Patientenverfügung, Vorsorgevollmacht

Leitung:
Leszek Thomas (Dipl.-Sozialpädagoge/-arbeiter)
Ralf Rötten (Dipl.-Sozialpädagoge)

Die persönliche Auseinandersetzung mit HIV/Aids berührt auch heute noch existenzielle Fragen. Medizinisch ist zwar Vieles möglich geworden, was vor Jahren noch undenkbar schien. Aber die Fragen nach Berücksichtigung der persönlichen Bedürfnisse bei eventueller Krankheit, Pflegebedürftigkeit oder Hilflosigkeit bleiben. Informationsvermittlung über Möglichkeiten der Planung bildet den einen Teil der Veranstaltung. Es geht aber auch um die persönlichen Wünsche und Bedürfnisse. Ziel ist, sich individuell darüber klar zu werden, ob und welche rechtlichen Vorsorgemöglichkeiten genutzt werden möchten und welche auch nicht.



Workshop 4
Samstag, 24.09.2011
11-17 Uhr
positiv arbeiten
Bedürfnisse-Wünsche-Ziele

Leitung:
Harald Hägle (Sozialwissenschaftler)
Rupert Prossinagg (Trainer)

Workshop für Menschen mit HIV/Aids im Erwerbsleben

Viele Menschen mit HIV/Aids, die in Deutschland leben, sind erwerbstätig. Da stellen sich Fragen wie: Bin ich mit meiner Arbeit zufrieden? Wo sehe ich Veränderungsbedarf? Welchen Gestaltungsspielraum habe ich? Kann ich mir auch eine andere Tätigkeit vorstellen? Welche Stärken und Schwächen habe ich? Welches sind die nächsten Schritte zur Veränderung?

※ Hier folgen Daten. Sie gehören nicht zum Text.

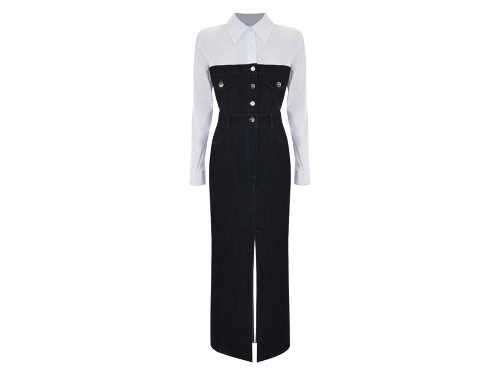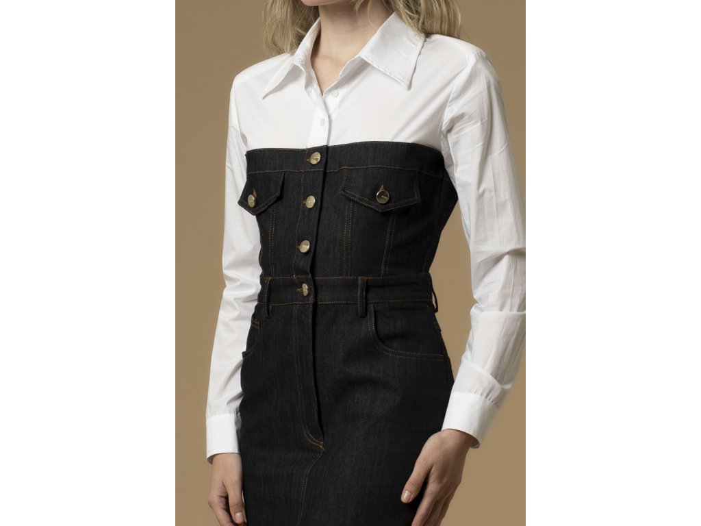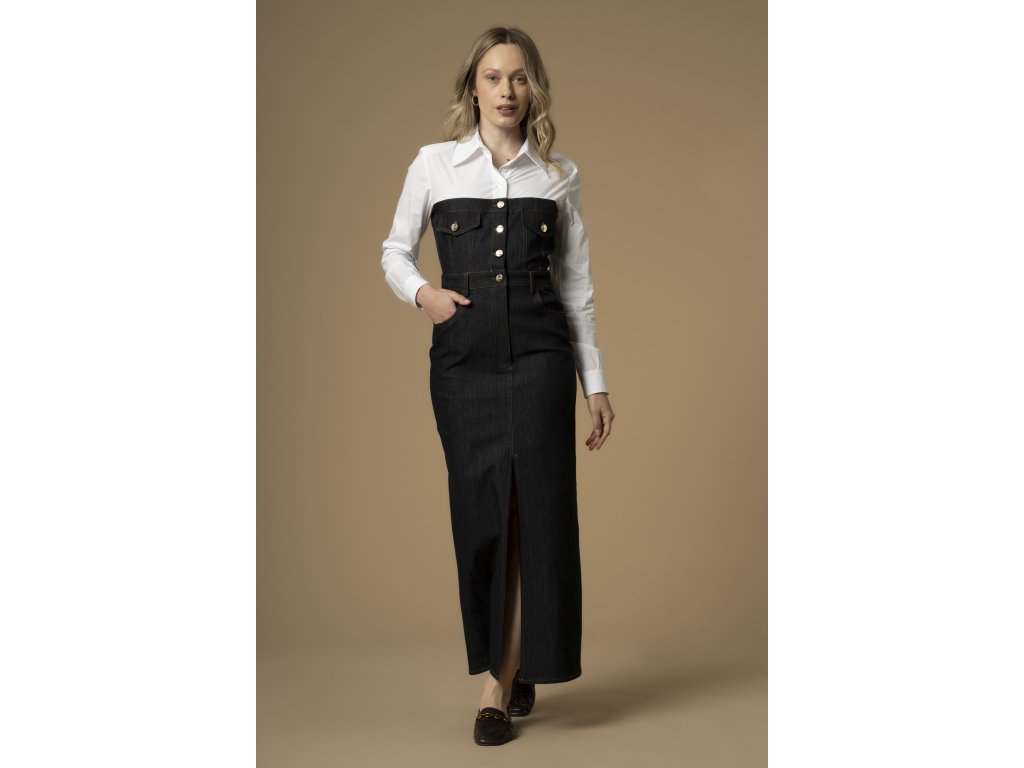 Dlouhé denimové šaty s košilovým límečkem a manžetami na rukávech. Šaty mají džínový živůtek s kovovými knoflíky s logem, předními kapsami a předním rozparkem.

In diesem Seminar beschäftigen wir uns mit unseren Bedürfnissen und Wünschen in der Arbeit. Wir spüren Hindernisse für mehr Zufriedenheit im Job auf. Und wir entwerfen die ersten Schritte zu einer möglichen Veränderung.



Workshop 5
Samstag, 29.10.2011
11-16 Uh
HIV-Therapie: Update 2011
Wann, wie , womit, warum?

Leitung:
Dr. Ivanka Krznaric (Allgemeinmedizinerin)

27 Medikamente, 6 Substanzklassen, einfache Therapieregime, weniger Nebenwirkungen, 3-er Kombi als „Gold“-Standard, weniger Resistenzen, Monotherapie, duale Therapie, Induktions- und Erhaltungstherapie, früher/später Therapiebeginn, neue/“alte“ Medikamente, Nuke-freie Therapie, Langzeittherapie, Immunmodulation…Alles klar?



Workshop 6
Samstag, 26.11.2011
11-15 Uhr
Geht HIV an/auf die Nerven?
Neurologische Probleme bei HIV

Leitung:
Dr. Karin Hahn (Neurologin)

Vergesslich, unkonzentriert, orientierungslos, niedergeschlagen?
Im Rahmen der HIV-Infektion kann es zu neurologischen Problemen kommen. Diese können durch HIV selbst verursacht sein, durch andere Infektionen oder Erkrankungen des Gehirns. Auch HIV-Medikamente können die Nerven beeinträchtigen (z.B. Polyneuropathien).
Woran erkenne ich, dass etwas nicht stimmt? Was könnte dahinter stehen? Wie wird behandelt?